I fitted the x1/y1 data with a Deming regression with vr (or sdr) option set to 1. In other words, the regression is a Total Least Squares regression, i.e. orthogonal regression. See previous post for the graph.

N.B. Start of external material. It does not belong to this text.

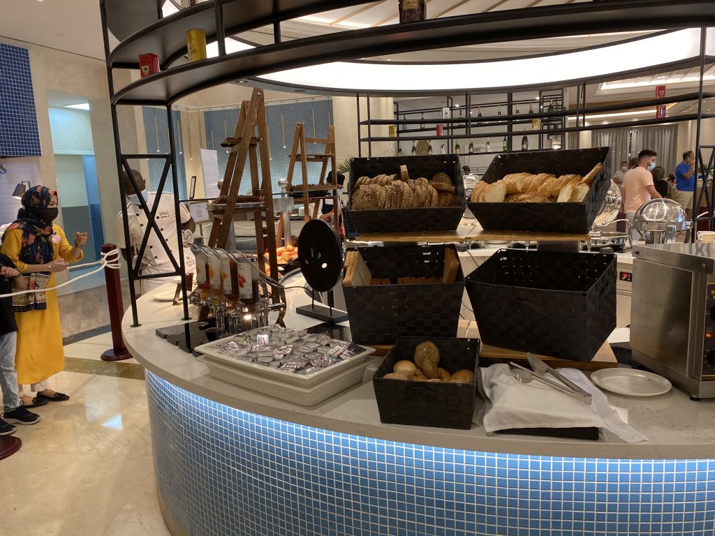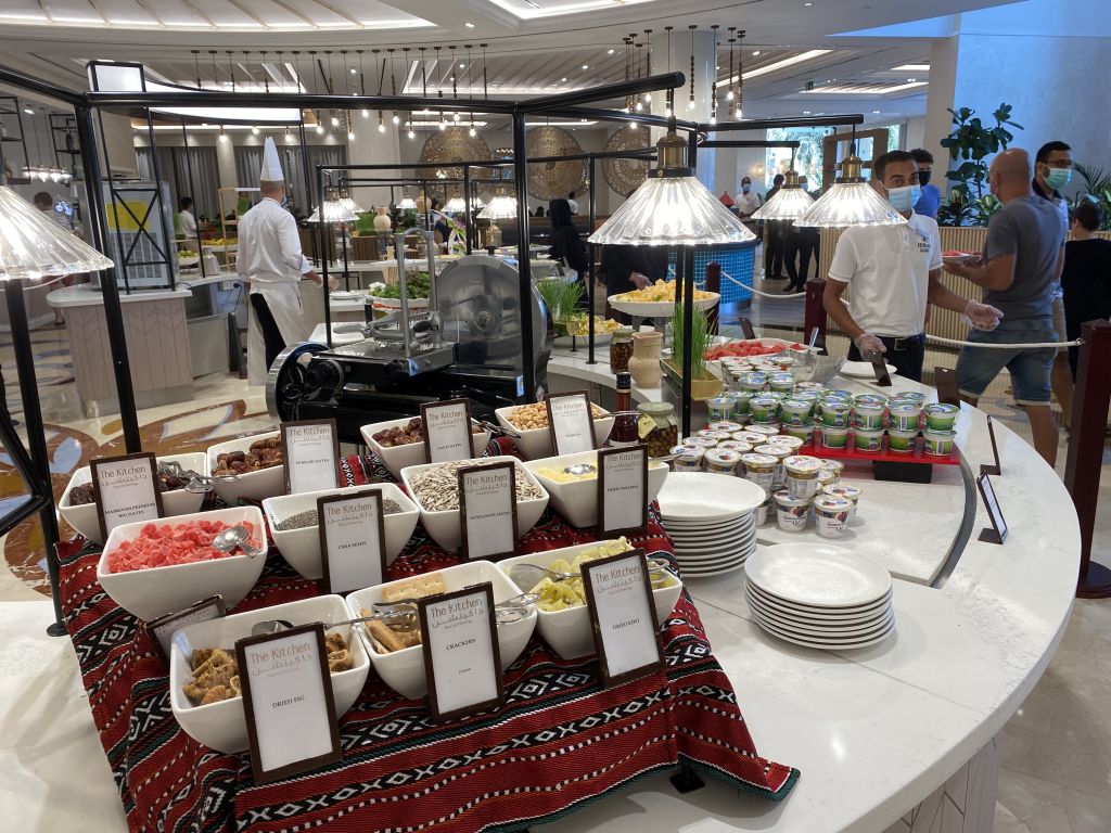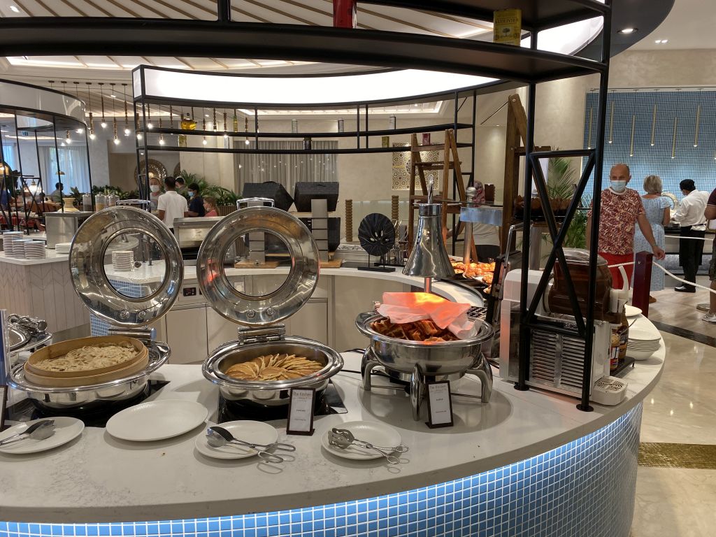 Das Haupt-Restaurant ist „The Kitchen“. Dort wird morgens bis 10:30 Uhr auch das Frühstück in Büffet-Form serviert. Auf Grund der Corona-Vorschriften war bei unseren Aufenthalten keine Selbstbedienung möglich/notwendig. Stattdessen haben ausreichend Mitarbeiter die unterschiedlichen Speisen nach Wunsch herausgegeben.

x1=c(24.0,23.9,23.6,21.6,21.0,20.8,22.4,22.6,
 21.6,21.2,19.0,19.4,21.1,21.5,21.5,20.1,20.1,
 20.1,17.2,18.6,21.5,18.2,23.2,20.4,19.2,22.4,
 18.8,17.9,19.1,17.9,19.6,18.1,17.6,17.4,17.5,
 17.5,25.2,24.4,25.6,24.3,24.6,24.3,29.4,29.4,
 29.1,28.5,27.2,27.9,31.5,31.5,31.5,27.8,31.2,
 27.4,28.8,27.9,27.6,26.9,28.0,28.0,33.0,32.0,
 34.2,34.0,32.6,30.8)

y1=c(100.0,95.5,93.5,100.0,98.5,99.5,34.8,
 45.8,47.5,17.4,42.6,63.0,6.9,12.1,30.5,
 10.5,14.3,41.1, 2.2,20.0,9.8,3.5,0.5,3.5,5.7,
 3.1,19.2,6.4, 1.2, 4.5, 5.7, 3.1,19.2, 6.4,
 1.2,4.5,81.5,70.5,91.5,75.0,59.5,73.3,66.5,
 47.0,60.5,47.5,33.0,62.5,87.0,86.0,77.0,
 86.0,83.0,78.5,83.0,83.5,73.0,69.5,82.5,78.5,
 84.0,93.5,83.5,96.5,96.0,97.5)   

x11()
plot(x1,y1,xlim=c(0,35),ylim=c(0,100))
library(MethComp)
dem_reg <- Deming(x1, y1)
abline(dem_reg[1:2], col = "green")

I would like to know how much x1 helps to predict y1:

  • normally, I’d go for a R-squared, but it does not seem to be relevant; although another mathematician told me he thinks a R-squared may be appropriate. And this page suggests to calculate a Pearson product-moment correlation coefficient, which is R I believe?
  • partially related, there is possibly a tolerance interval. I could calculated it with R ({tolerance} package or code shown in the post), but it is not exactly what I am searching for.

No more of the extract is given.